‘Solar storm as a hurricane on the ocean: apart from the Northern Lights we notice little’

The Earth is experiencing one of the strongest solar storms in more than twenty years this weekend. That storm creates a spectacular display of colors in the sky in the Netherlands, but also in other countries. Experts call it striking, but apart from the Northern Lights we will probably not notice much of it in the coming days.

Astronomer Lucas Ellerbroek speaks of a special storm and “fairly high solar activity”. This phenomenon awaits us more often in the coming year, he thinks, but we don’t have to worry. “The spectacle takes place in the polar lights,” says Ellerbroek. “Other than that, people hardly notice it.”

“Spectacular”, is how Esther Hanko describes last night’s northern lights. She is involved with the Anton Pannekoek Institute for Astronomy at the University of Amsterdam. Last night she only slept three hours, the rest of the time the amateur astronomer admired the northern lights.

“You can often take beautiful pictures of it in the Netherlands, but it is not easy to see with the naked eye. This was unmistakable and almost unbelievable. It didn’t seem real. It really is a big solar storm.”

Satellites of Musk

According to the U.S. Bureau of Meteorology and Oceanography, the solar storm could affect GPS, power grids, spacecraft, satellite navigation and other technologies. Starlink, the satellite division of Elon Musk’s SpaceX, warns of “deteriorating service” as a result of the solar storm.

Starlink owns about 60 percent of the approximately 7,500 satellites orbiting the Earth. Earlier today, Musk reported that those satellites are under great pressure, but have held up so far.

Really major disruptions will not occur, Ellerbroek and Hanko think. In the nineteenth century, solar storms did lead to power outages, Hanko knows. But in a world where we cannot do without electricity, she believes that enough measures have been taken to deal with any disruptions.

Everywhere in the Netherlands the Northern Lights produced beautiful pictures:

Ellerbroek says that nowadays there is more equipment that is sensitive to malfunctions, but that there are also plenty of backup options. “If a power network goes down, there is often a backup.” Satellites have less protection. “They are more vulnerable than, for example, the power grids on earth.”
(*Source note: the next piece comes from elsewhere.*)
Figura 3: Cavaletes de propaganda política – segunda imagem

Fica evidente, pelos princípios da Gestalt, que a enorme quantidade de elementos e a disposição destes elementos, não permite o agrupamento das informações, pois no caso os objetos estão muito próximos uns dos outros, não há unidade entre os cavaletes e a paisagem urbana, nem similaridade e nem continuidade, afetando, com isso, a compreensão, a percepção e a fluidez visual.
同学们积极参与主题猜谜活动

Astronomer Niek de Kort was previously also sober about the possible consequences for the networks, because they are “well secured and built to withstand it”. Most satellites are protected by the Earth’s magnetic field, he explains. “And if it does happen, the outage will be short. Think of it like a computer that freezes: you turn it off and on, and it works again.”

A ‘solar maximum’

Solar storms actually happen all the time, but now they are in the news more often. This is because the solar activity is at the end of a cycle. Such a cycle lasts on average more than eleven years. At the end of it, more solar storms occur. The Northern Lights were also clearly visible in March. This also applied in mid-April, above the Wadden and some places in Drenthe.
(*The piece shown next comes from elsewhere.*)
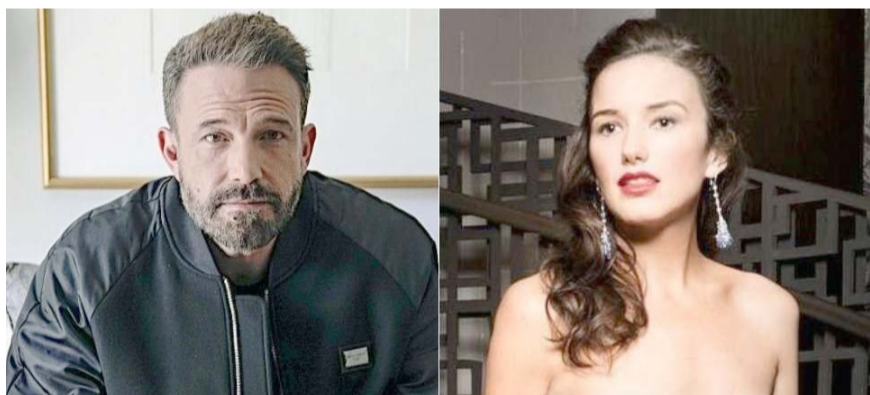
El actor de 52 años y la socialité de 36 llevarían ya varias citas formales.

“We are approaching the so-called ‘solar maximum’,” says meteorologist Wouter van Bernebeek of Weerplaza. During that period, most sunspots occur on the solar surface. And without a sunspot you don’t have a storm. A sunspot is a cooler spot on the sun.

A solar flare is created from such a sunspot, as astronomer at Leiden University Simon Portegies Zwart once explained. “The poles are connected to each other by magnetic field lines. Magnetically charged particles follow those lines. Gas – the solar wind – comes from the sun and if the pressure becomes too strong, those magnetic lines break.”

Mass of the Sun

That is the moment when a huge amount of energy is released in a huge explosion: a solar flare. Then not only radiation comes from the sun, but also electrically charged particles, Ellerbroek explains. “These particles are heavier than light particles. They are continuously emitted by the sun, but during a solar storm this happens intensely. It is actually just like a hurricane on the ocean. Mass is thrown from the sun into space. Some of it comes our way.”

Due to the Earth’s magnetic field, these charged particles do not immediately reach Earth, but they deflect, as it were, towards the north and south poles, says Hanko. “If the solar storm is strong enough and the magnetic field is favorable, it can cause the particles to react with particles in our atmosphere, which can produce colorful pictures in the sky.”